Agriculture in Europe is more than just food; touches identity. In France, the far right exploits the love of “terroir,” that mythical combination of soil, location, culture and climate.

“The French realize that farmers are the roots of our society,” Maréchal said.

These sentiments resonate throughout Europe. In Ireland, where more than a million people died in the 1845-1852 famine, agriculture “is deeply ingrained in our culture, in our psyche,” said Environment Minister Eamon Ryan, a Green Party lawmaker.

The far right has used agriculture as a way to attack traditional parties. In Italy, the far right has mocked EU efforts to promote a low-carbon diet, playing on farmers’ fears that lab-grown proteins and insects could one day replace meat.

“Rebellion is the language of those who are not heard. Now, back off,” far-right Italian lawmaker Nicola Procaccini warned in February. In a few months, he said, the European elections “will put people back in the place of ideologies.”

These calls fall on fertile ground. According to predictions from the European Council on Foreign Relations, the radical right group Identity and Democracy could become the third largest group in the next European Parliament, behind the Christian Democrats and the Socialists, but overtaking the Liberals and the Greens. Farm protests are providing vital influence.

A shovel is a shovel

One farmer avoiding militant demonstrations is Bart Dochy in western Belgium. As a Christian Democrat mayor of the agricultural town of Ledegem and a regional parliamentarian in Flanders, he represents the traditional forces of European agricultural communities: Christianity and conservatism. When socialism took over the big cities, the countryside and its farmers remained staunchly Christian Democrats.

That has now changed. Once, billboards with the cry: “Save our farmers!” it would have come from his party; They now carry the logo of the far-right Flemish Interest party, which polls show will become Belgium’s largest party in June.

“In a certain sense, it is logical that extreme parties have specialized in capturing this discontent. They call things by their name. And that is good,” he stated. But farming is complicated, he warned: nature, trade, budgets, commodity prices and geopolitics are all involved. The solutions will have to come from common sense, “not from extremes.”

Dochy’s Christian Democrats are part of the largest group in the EU parliament, the European People’s Party, which was once a strong supporter of the EU Green Deal. After all, farmers are among the biggest losers from climate change, affected at different times by floods, wildfires, droughts and extreme temperatures.

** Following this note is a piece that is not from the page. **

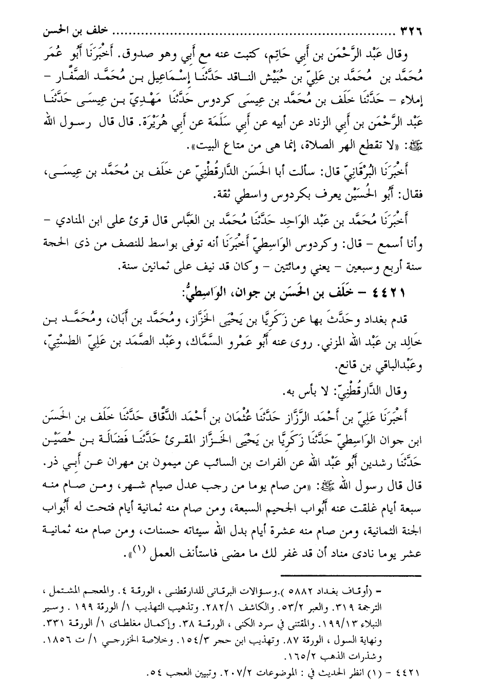 - (أوقاف بغداد 5882) . وسؤالات البرقاني للدارقطنى، الورقة 4. والمعجم المشتمل، الترجمة 319. والعبر 2/53. والكاشف 1/282. وتذهيب التهذيب 1/الورقة 199. وسير النبلاء 13/199. والمقتنى في سرد الكنى، الورقة 38. وإكمال مغلطاي 1/الورقة 331.

But since the protests began, EU policy on agriculture and climate has shifted to the right, angering many of the former centre-right allies with whom it established the Green Deal. Measures to reduce pesticide use and protect biodiversity have been weakened, while protesters’ demands to reduce regulation have been heard.

But as the rhetoric heats up, so does the climate. Data from early 2024 shows record temperatures in Europe. In Greece, where an estimated 1,750 square kilometers (675 square miles) will burn in 2023, the worst fire on record in the EU, wildfires are already breaking out, weeks earlier than expected.

The far right does not offer detailed solutions to the climate crisis, but it has proven adept at exploiting farmers’ frustrations. In its program for the June elections, the Dutch far-right party, the PVV, is short on details but has plenty of slogans about “climate hysteria” and its “tsunami of rules.” Nature and climate laws, he said, “should not lead entire sectors to be forced into bankruptcy.”

Ubels defended the realpolitik of farmers.

“The government doesn’t listen to us, but the opposition does,” he said.